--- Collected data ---
----------------
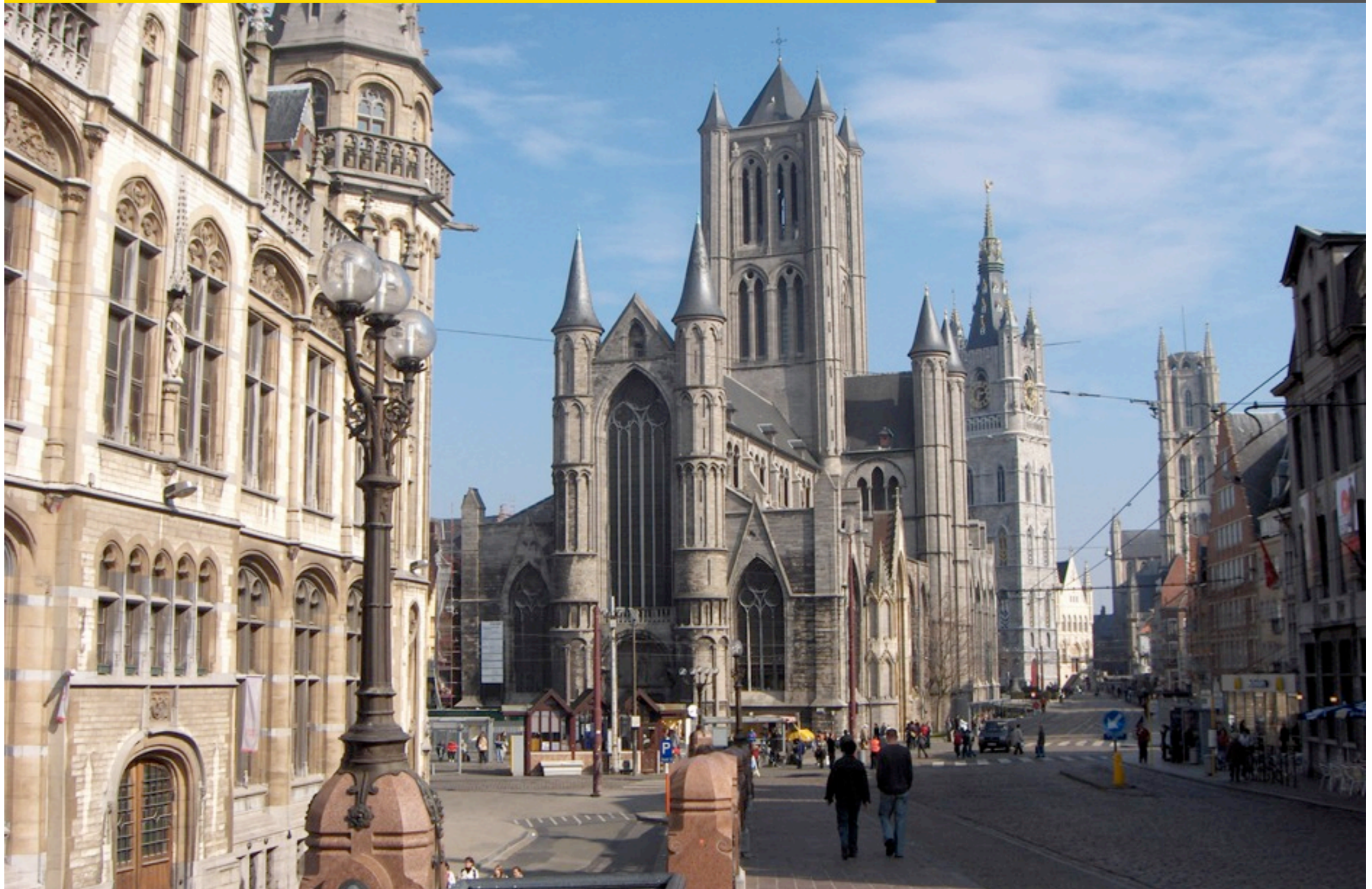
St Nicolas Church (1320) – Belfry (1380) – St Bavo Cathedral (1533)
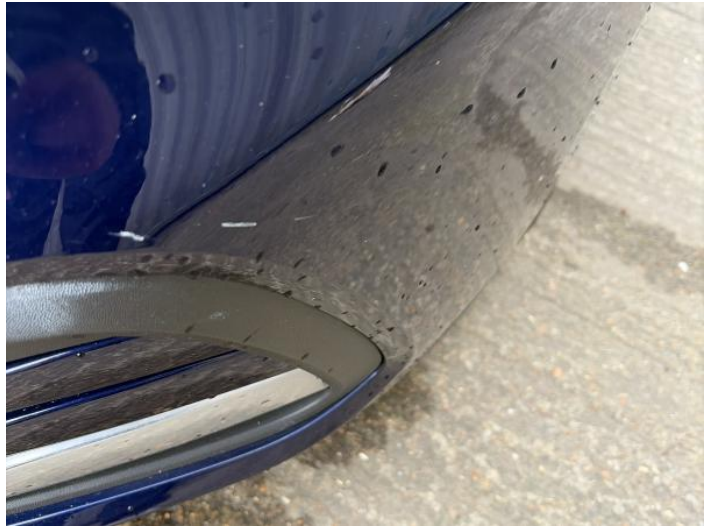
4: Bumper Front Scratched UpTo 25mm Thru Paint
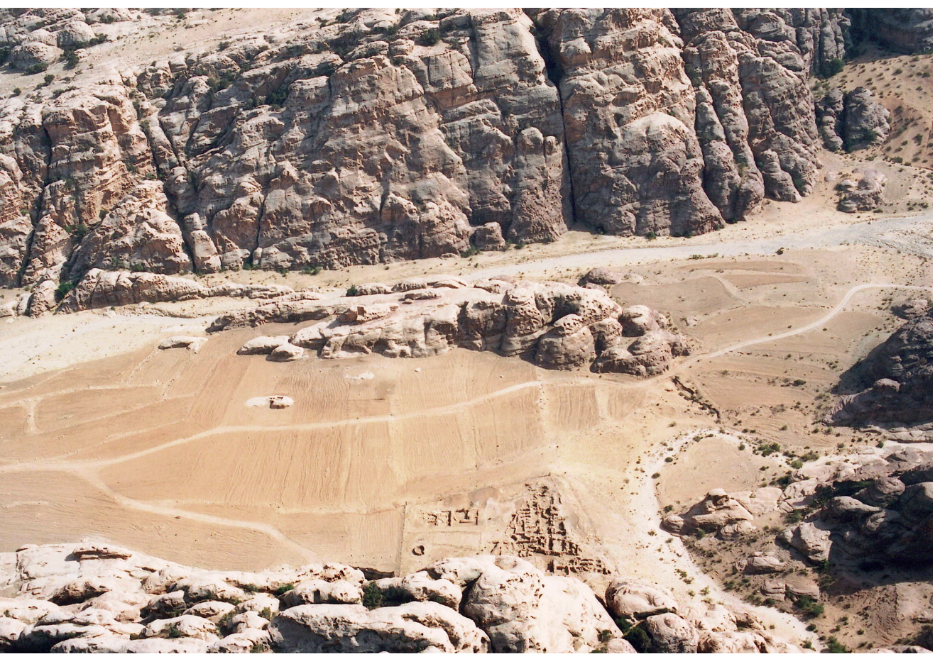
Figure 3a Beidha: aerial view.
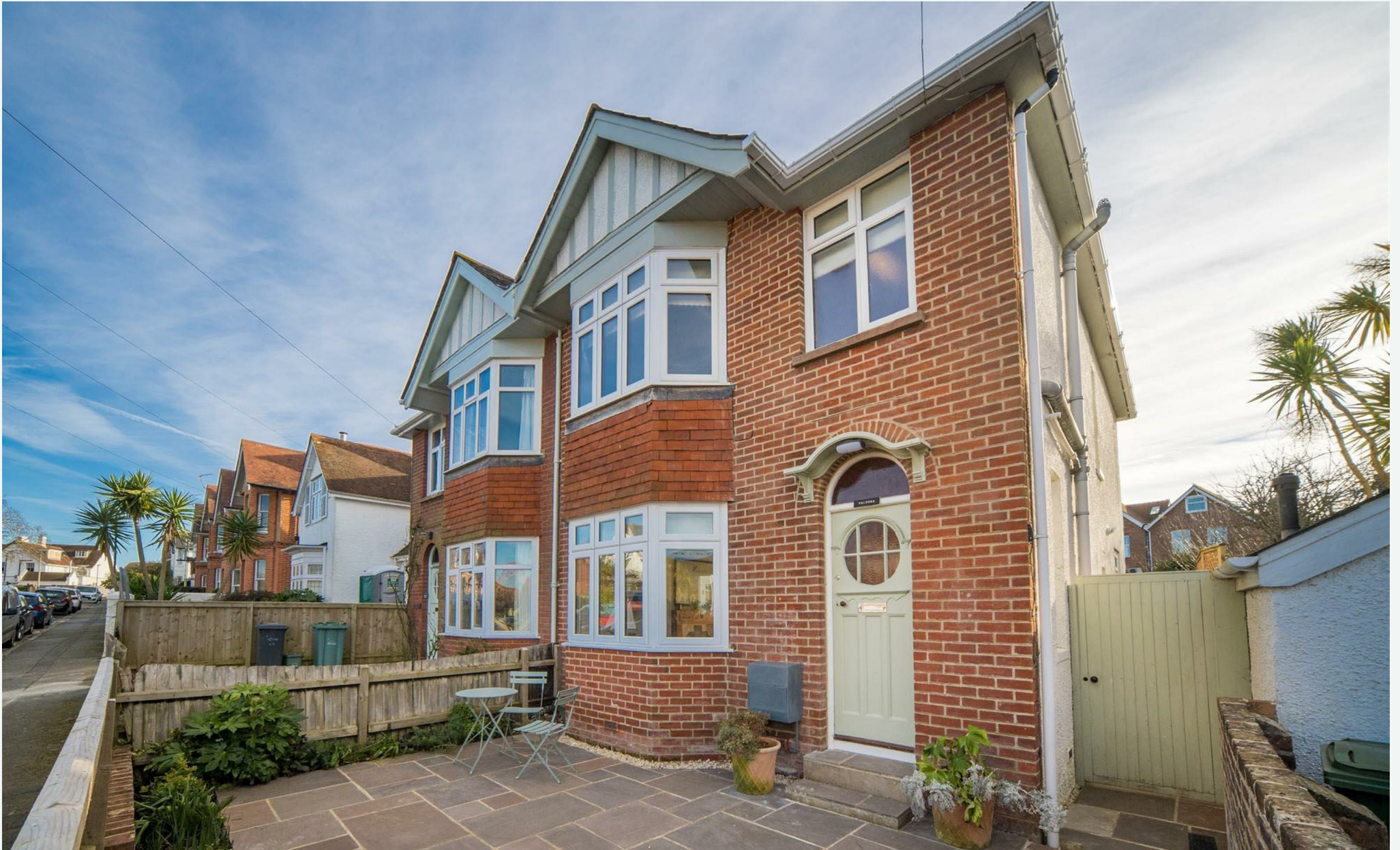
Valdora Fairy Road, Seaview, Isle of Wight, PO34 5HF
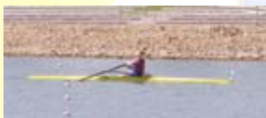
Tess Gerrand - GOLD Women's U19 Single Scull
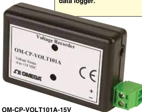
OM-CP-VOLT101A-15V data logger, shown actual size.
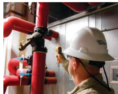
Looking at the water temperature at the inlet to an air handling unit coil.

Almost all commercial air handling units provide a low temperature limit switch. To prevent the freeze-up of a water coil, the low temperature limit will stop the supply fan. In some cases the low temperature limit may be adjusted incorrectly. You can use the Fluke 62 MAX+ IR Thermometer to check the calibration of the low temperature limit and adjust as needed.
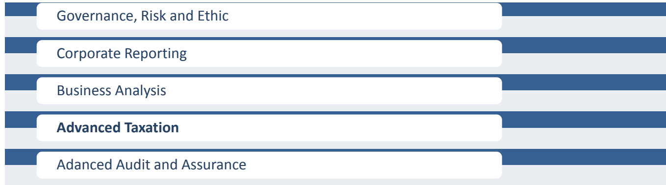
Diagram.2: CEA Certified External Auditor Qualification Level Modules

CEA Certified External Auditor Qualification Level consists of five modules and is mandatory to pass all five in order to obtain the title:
----------------
--- WORK INSTRUCTIONS ---
Up to and including the line with "Tess Gerrand - GOLD Women's U19 Single Scull", copy the data above from its first line. Skip pictures.

--- RESPONSE TO THE TASK ---
St Nicolas Church (1320) – Belfry (1380) – St Bavo Cathedral (1533)
4: Bumper Front Scratched UpTo 25mm Thru Paint
Figure 3a Beidha: aerial view.
Valdora Fairy Road, Seaview, Isle of Wight, PO34 5HF
Tess Gerrand - GOLD Women's U19 Single Scull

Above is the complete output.